Task description:
Output nothing but the lines from the one holding "Las usamos cada" to the end of the listing. Reproduce them exactly, without the pictures.

Recorded data:
● ● ● ● ●

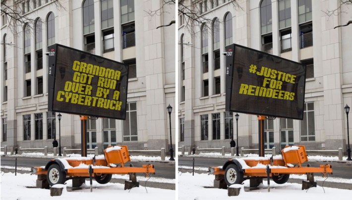 Of course, the Denver vandal wasn't the first to take part in a little reversible urban graffiti — or to take advantage of the surprisingly lax security around variable messaging signs, which can seemingly be easily altered after accessing the control pad with a password that many communities don't even bother to change from its factory setting.
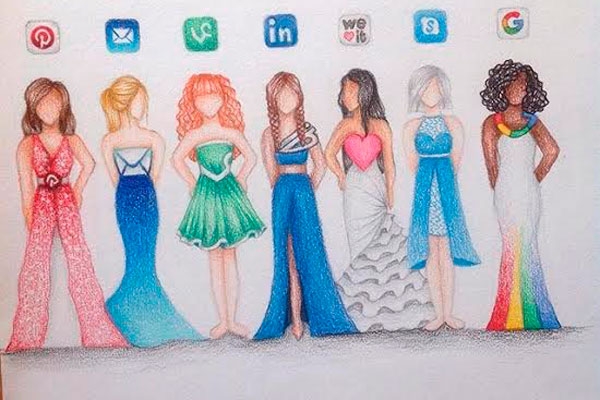 Las usamos cada día y reconoceríamos sus logos a distancia pero parece que pocos han querido sacar rentabilidad a marcas como Facebook, Twitter, Instagram… y crear nuevas tendencias para las pasarelas y los eventos multitudinarios. Ahora, varios jóvenes han diseñado vestidos inspirándose en sus colores y formas.
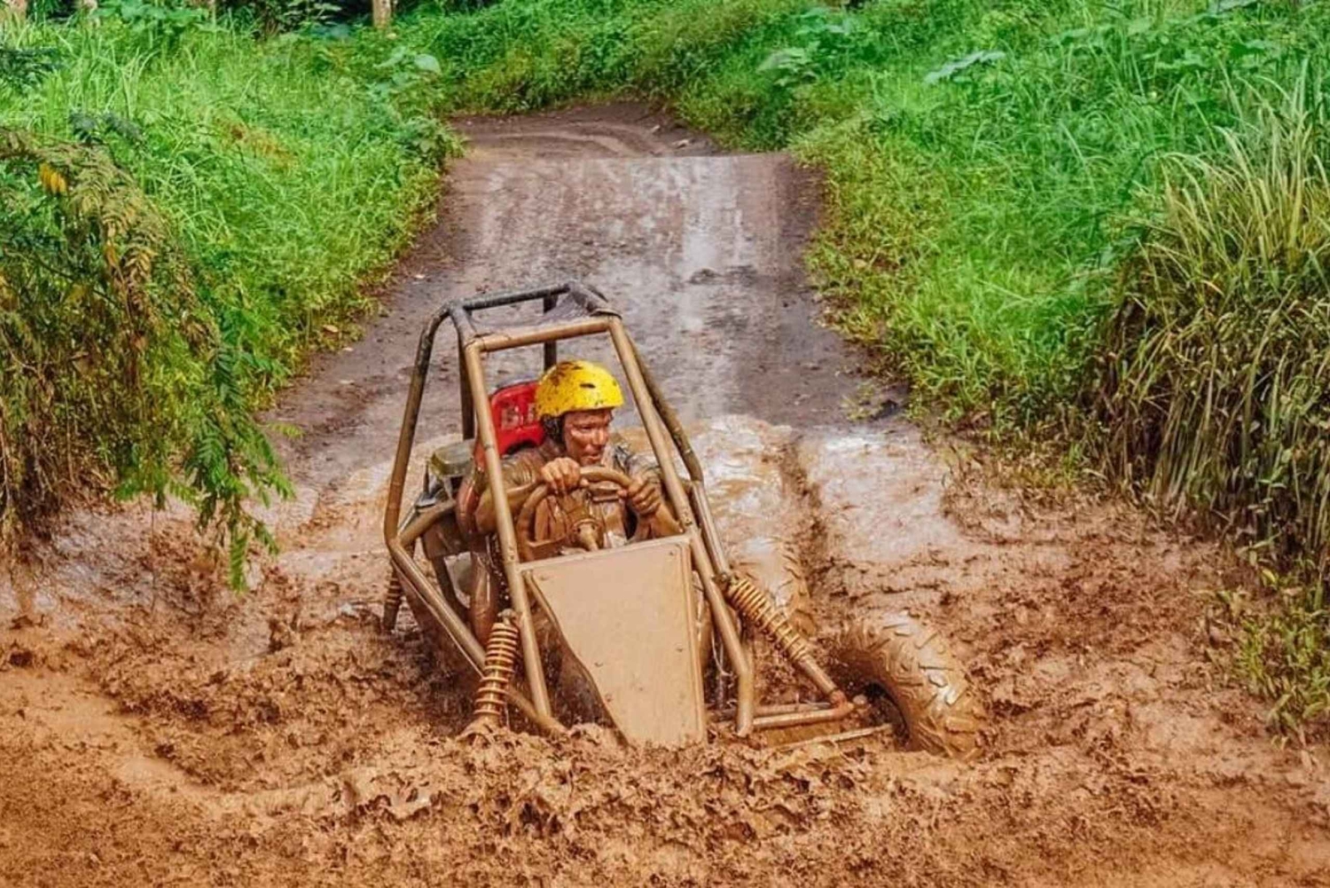 Börja dagen med en häftig djungelbuggytur genom Bali Pertiwis frodiga stigar. Ta kontroll över din egen fyrhjuliga buggy och kör genom natursköna djungelstigar, leriga spår och risfält. Kursen är utformad för både nybörjare och erfarna förare, vilket garanterar säkerhet och spänning för alla. Njut av spänningen av att plaska genom vattenpölar, klättra uppför kullar och manövrera genom naturliga hinder när du utforskar Ubuds dolda skönhet. Varje buggy är väl underhållen och utrustad med säkerhetsutrustning för en bekväm och säker resa. Efter ditt buggyäventyr är det dags för en actionfylld paintball-match i Bali Pertiwis naturliga arena. Utrustad med säkerhetsutrustning och paintballpistoler, dyk ner i en spännande strid omgiven av djungel och öppna fält. Spela i lag och testa din strategi, ditt lagarbete och din precision när du siktar på att fånga motståndarens flagga. Oavsett om du spelar med vänner, familj eller kollegor garanterar denna paintball-upplevelse kul och skratt för alla.Includes

● ● ● ● ●

Solution below:
 Las usamos cada día y reconoceríamos sus logos a distancia pero parece que pocos han querido sacar rentabilidad a marcas como Facebook, Twitter, Instagram… y crear nuevas tendencias para las pasarelas y los eventos multitudinarios. Ahora, varios jóvenes han diseñado vestidos inspirándose en sus colores y formas.
 Börja dagen med en häftig djungelbuggytur genom Bali Pertiwis frodiga stigar. Ta kontroll över din egen fyrhjuliga buggy och kör genom natursköna djungelstigar, leriga spår och risfält. Kursen är utformad för både nybörjare och erfarna förare, vilket garanterar säkerhet och spänning för alla. Njut av spänningen av att plaska genom vattenpölar, klättra uppför kullar och manövrera genom naturliga hinder när du utforskar Ubuds dolda skönhet. Varje buggy är väl underhållen och utrustad med säkerhetsutrustning för en bekväm och säker resa. Efter ditt buggyäventyr är det dags för en actionfylld paintball-match i Bali Pertiwis naturliga arena. Utrustad med säkerhetsutrustning och paintballpistoler, dyk ner i en spännande strid omgiven av djungel och öppna fält. Spela i lag och testa din strategi, ditt lagarbete och din precision när du siktar på att fånga motståndarens flagga. Oavsett om du spelar med vänner, familj eller kollegor garanterar denna paintball-upplevelse kul och skratt för alla.Includes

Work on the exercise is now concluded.